**Listed entries**
════════
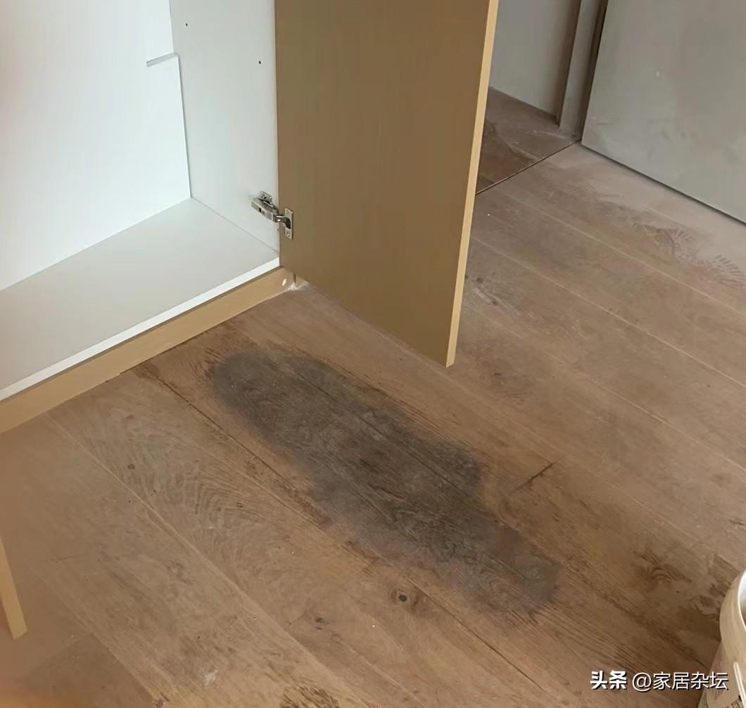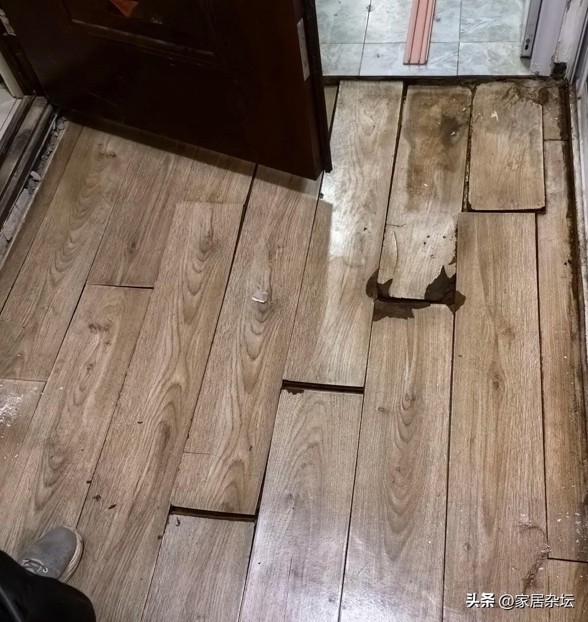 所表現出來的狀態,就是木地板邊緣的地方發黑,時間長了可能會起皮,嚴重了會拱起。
════════
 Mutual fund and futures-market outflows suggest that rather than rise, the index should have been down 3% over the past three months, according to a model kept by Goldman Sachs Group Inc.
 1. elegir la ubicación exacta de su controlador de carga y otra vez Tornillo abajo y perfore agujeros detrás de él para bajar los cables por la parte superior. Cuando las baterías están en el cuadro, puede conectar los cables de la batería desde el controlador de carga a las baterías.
════════
**What to do**
Among the entries above, locate the lines containing "Mutual fund and" and "1. elegir la", and transcribe exactly those two lines and all lines between.

**Result of the exercise**
 Mutual fund and futures-market outflows suggest that rather than rise, the index should have been down 3% over the past three months, according to a model kept by Goldman Sachs Group Inc.
 1. elegir la ubicación exacta de su controlador de carga y otra vez Tornillo abajo y perfore agujeros detrás de él para bajar los cables por la parte superior. Cuando las baterías están en el cuadro, puede conectar los cables de la batería desde el controlador de carga a las baterías.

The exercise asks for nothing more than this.